Stacje rowerów miejskich: głosowanie trwa, a rady osiedli lobbują

Zarząd Transportu Miejskiego przygotował 18 propozycji, ale stacji stanie tylko 8. Gdzie? O tym mają zdecydować poznaniacy w głosowaniu. Walka o głosy trwa, a włączyły się do niej też rady osiedli…

Co prawda głosowanie nie dotyczy wszystkich: ZTM przygotował propozycje lokalizacyjne w ścisłym centrum i wokół niego. No i się zaczęło! Bo każda rada osiedla chce, żeby stacja powstała na jej terenie. W walkę wyborczą zaangażowały się także rady z tych dzielnic, gdzie stacje – przynajmniej na razie – nie powstaną. Bo przecież zawsze można wesprzeć sąsiadów…

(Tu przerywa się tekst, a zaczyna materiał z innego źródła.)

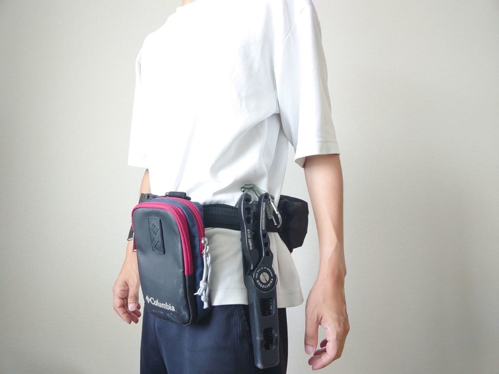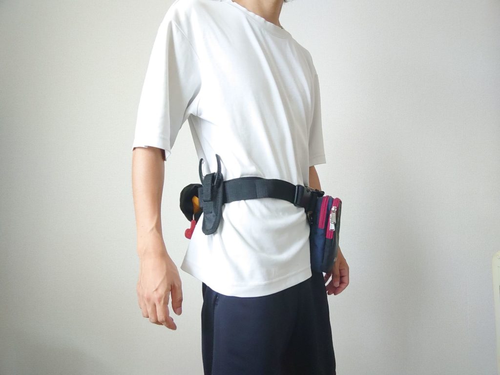 ウエスト部に固定し、即座に取り出せるようにしています。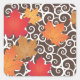 Vibrant autumn wedding favor stickers featuring a bold arrangement of red, orange, and golden maple leaves with elegant brown scrollwork on a rich dark background. The eye-catching square design makes a striking seal for favor bags, boxes, or envelopes at your fall wedding celebration. All text is fully customizable.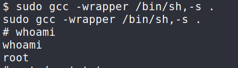 sudo gcc -wrapper /bin/sh,-s .Press enter or click to view image in full size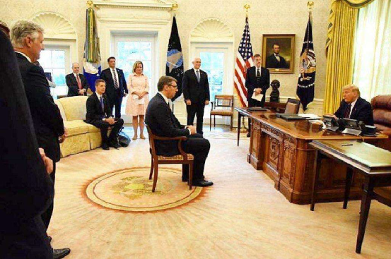 相比于中国对塞尔维亚的态度,美国还是一贯的野蛮与无理。2020年9月份,武契奇率领代表团访问美国,并在白宫和美国总统特朗普会面。但是,美方却在礼仪上羞辱武契奇:武契奇身高接近2米,但是美国却让他坐在一张勉强坐下的椅子上,直接面对坐在豪华办公桌前的特朗普,活活像一个被老师审问的小学生。这当时就引起了塞尔维亚人民的强烈不满,但是一个血淋淋的事实就是:弱国无外交,此次塞尔维亚有求于美国,不得不服软。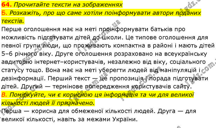 Прочитайте тексти на зображеннях Б. Розкажіть, про що саме хотіли поінформувати автори поданих текстів. Перше оголошення має на меті проінформувати батьків про можливість підготувати дітей до школи. Це типове оголошення для певної групи люди, що проживають компактна в районі і мають дітей 5–6 річного віку. Друге оголошення розраховано на всеукраїнську авдиторію інтернет–користувачів, незалежно від віку, соціального статусу тощо. Вона має на меті уберегти людей від маніпуляцій і дезінформації. Перший текст — це пропозиція і порада підготувати дітей. Другий — термінове попередження користувачів сайту. В. Поміркуйте, чи є корисною ця інформація та чи для великої кількості людей її призначено. Перша — корисна для обмеженої кількості людей. Друга — для великої кількості, навіть за межами України.

Największy ruch jest na facebooku: do głosowania na stację przy rynku Wildeckim zachęca Rada Osiedla Wilda, a wspiera ją rada Osiedla Świerczewo, bo przecież całkiem sporo mieszkańców Świerczewa korzystających z miejskich rowerów jedzie do centrum właśnie przez Wildę. Stacja przy rynku byłaby dla nich bardzo dogodna.

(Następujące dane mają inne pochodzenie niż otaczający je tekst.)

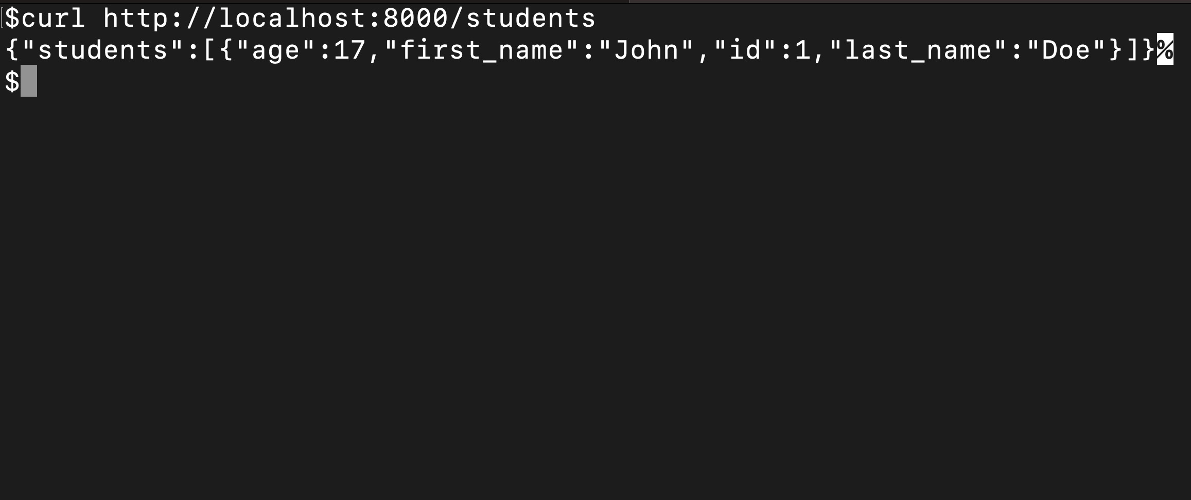 curl http://localhost:8000/studentsHere’s the from running the CURL GET request: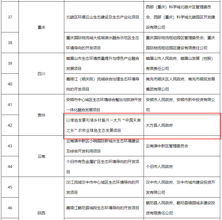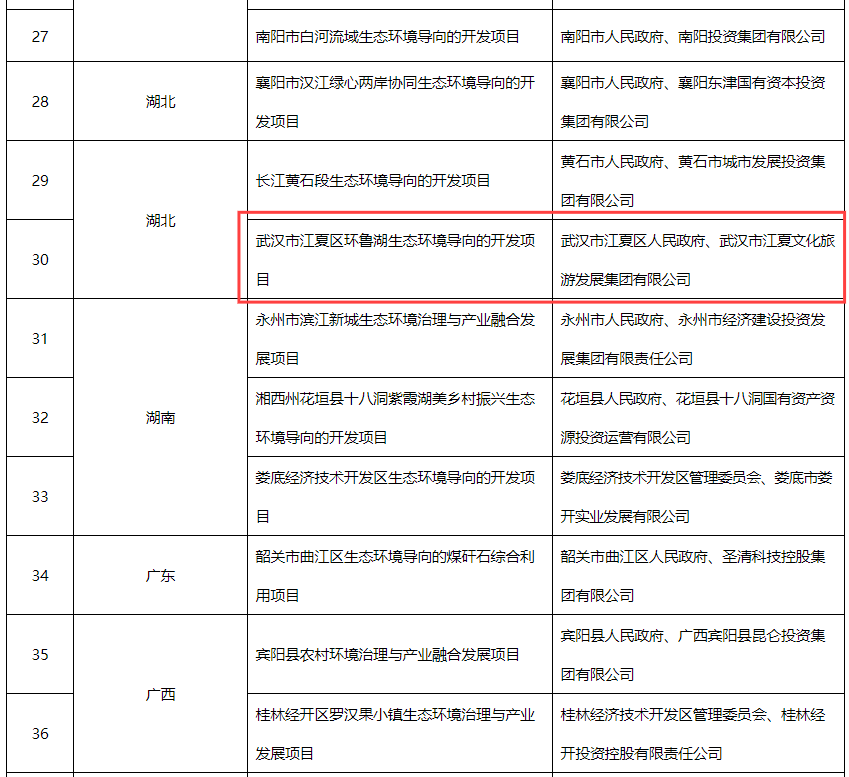 永業(yè)行承擔(dān)的貴州省以綠色發(fā)展引領(lǐng)鄉(xiāng)村振興—大方“中國(guó)天麻之鄉(xiāng)”農(nóng)牧業(yè)綠色生態(tài)發(fā)展項(xiàng)目、湖北省武漢市江夏區(qū)環(huán)魯湖生態(tài)環(huán)境導(dǎo)向的開(kāi)發(fā)項(xiàng)目入選,目前正在推動(dòng)多元化籌融資以及引入社會(huì)資本合作實(shí)施落地。受大方縣人民政府和武漢市江夏區(qū)人民政府委托,永業(yè)行提供了包括投融資策劃、EOD試點(diǎn)申報(bào)等咨詢服務(wù)。

Ale to oczywiście nie jedyna rada, której marzy się stacja rowerów miejskich. Rada Osiedla Stare Miasto uważa, że stacja przy placu Bernardyńskim byłaby idealną kontynuacją trasy z Rataj, ma zresztą chyba najwięcej lokalizacji do wyboru, ale to nic dziwnego: niestety, w centrum miasta jest jeszcze bardzo dużo miejsc, gdzie takie stacje by się przydały. Rada Osiedla Jeżyce popiera stacje przy rynku Jeżyckim i na Matejki przy komendzie policji, Rada Osiedla Ogrody – oczywiście na pętli na Ogrodach, a Rada Osiedla Święty Łazarz namawia na głosowanie na stację przy parku Wilsona…

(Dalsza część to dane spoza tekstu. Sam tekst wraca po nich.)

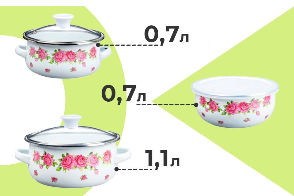 Две кастрюли объёмом 0.7 и 1.1 л, а также вместительный салатник закроют потребность в инвентаре для приготовления и хранения пищи.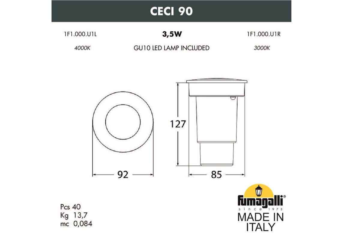 Тротуарный светильник Fumagalli 1F1.000.000.AXU1L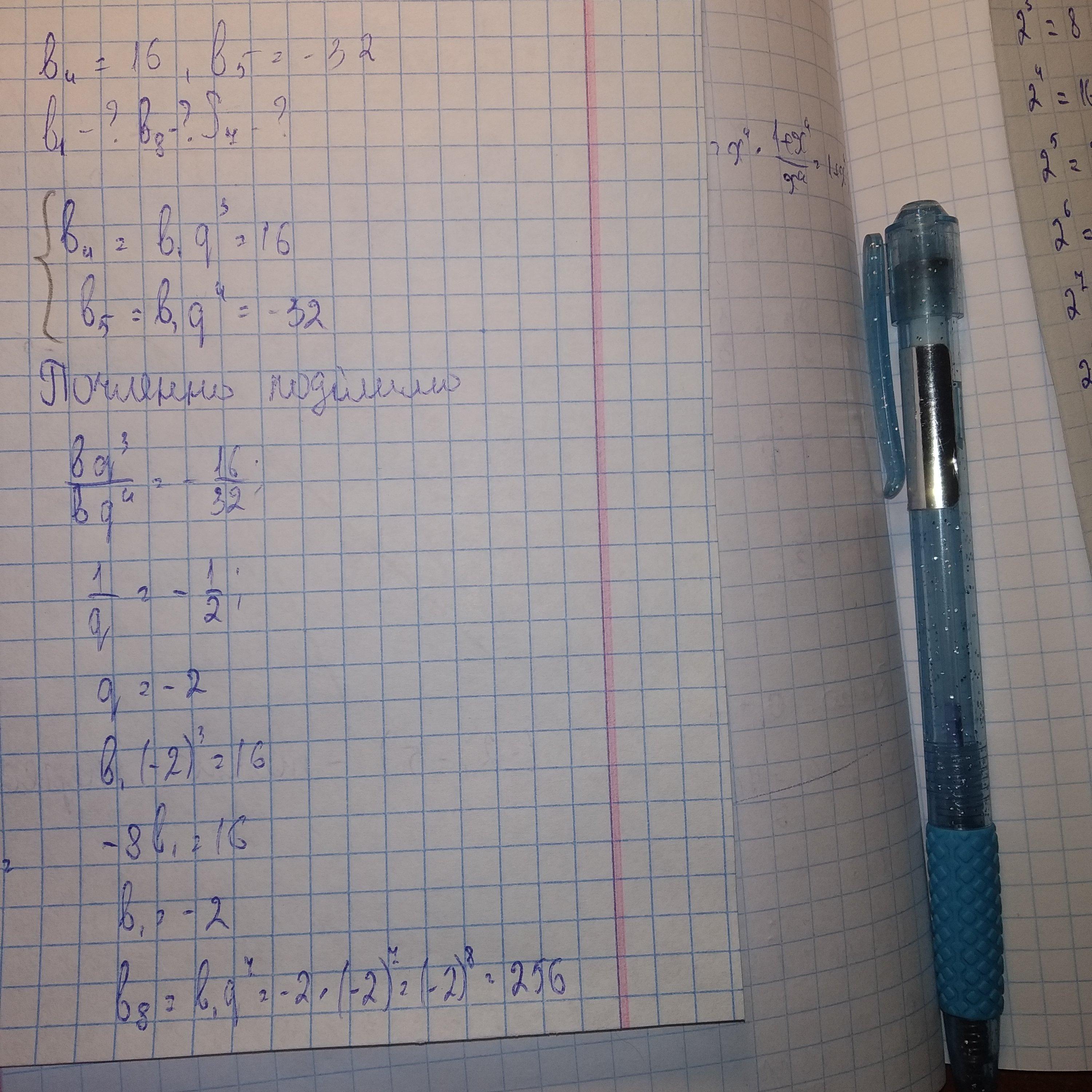 У геометричної прогресії (bn) b4=16, b5=-32. Знайдіть: 1) перший член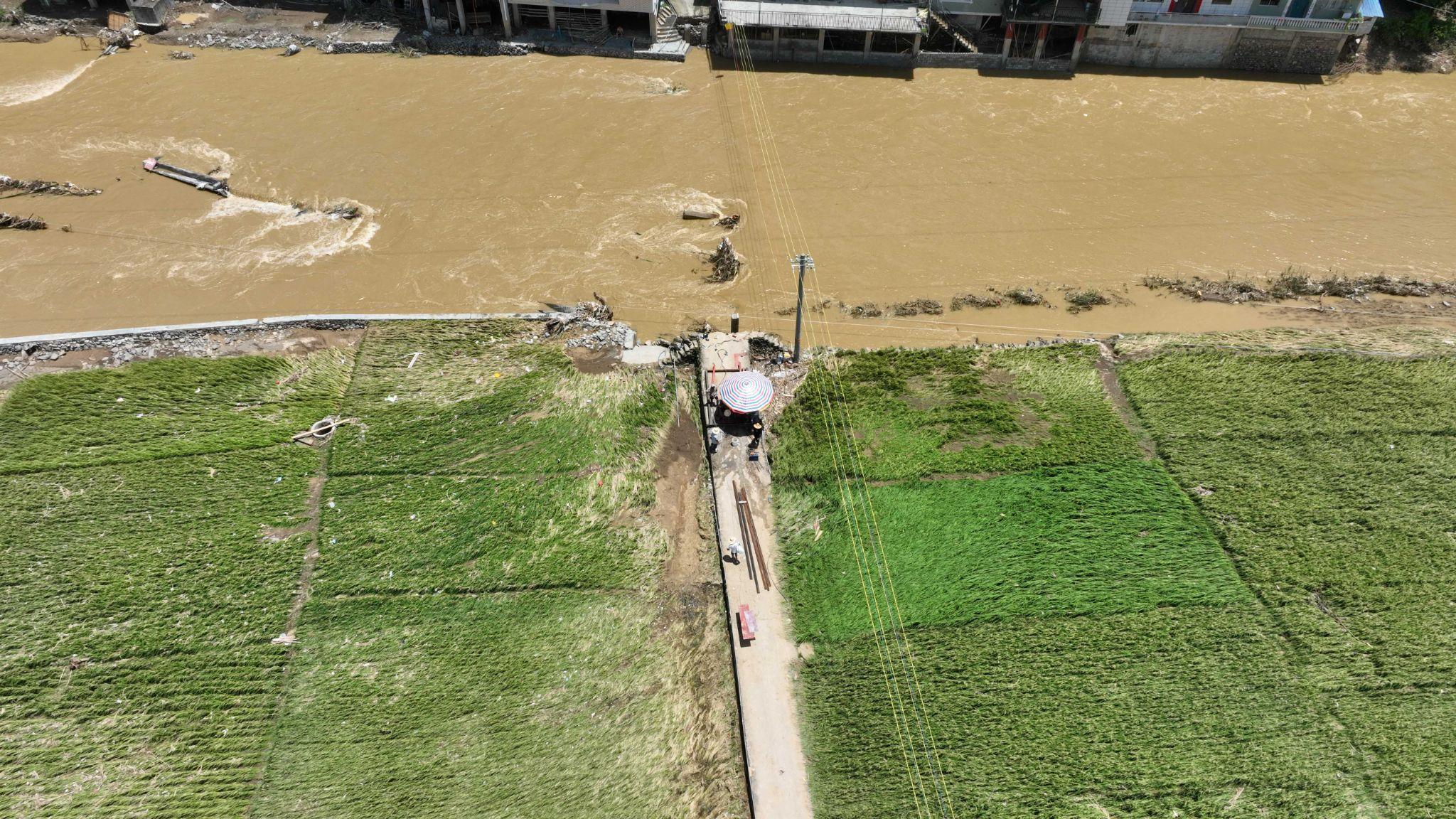 2025年7月3日,广西隆林县,一个村庄的桥梁被完全冲垮,这是进村的唯一道路。©️ Zou Biyu / Greenpeace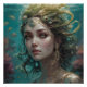 A serene aquatic scene features a woman surrounded by swirling water and fish, her hair flowing gracefully around her. Light filters through the water, highlighting her ethereal and mystical presence.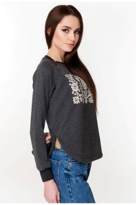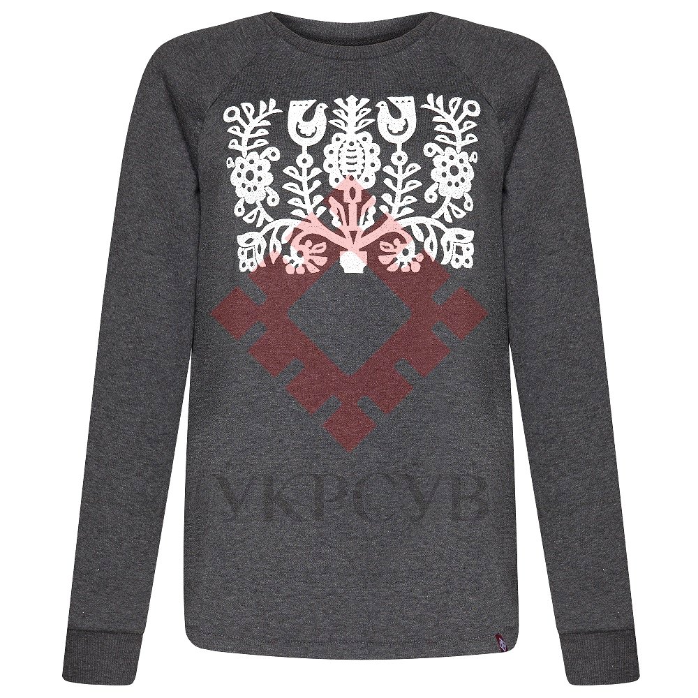 Жіночий світшот із вишивкою — musthave цього сезону. Візерунки гладдю ефектно виглядають на сірій меланжевій тканині. Виріб є стійким до прання, не втрачає первинні кольори. Цей базовий світшот чудово поєднується із джинсами, шкіряними штанами, лосинами, шортами тощо.

Emocje rosną, a głosowanie trwa do 14 lutego. I być może aż tak duże zaangażowanie osiedlowych radnych może dziwić, w końcu bez względu na to, gdzie stacje nie powstaną, będziemy się cieszyć, bo jest ich za mało. Ale nie da się ukryć, że to głosowanie to do pewnego stopnia sprawdzian popularności rad na swoim osiedlu, no i zaangażowania mieszkańców….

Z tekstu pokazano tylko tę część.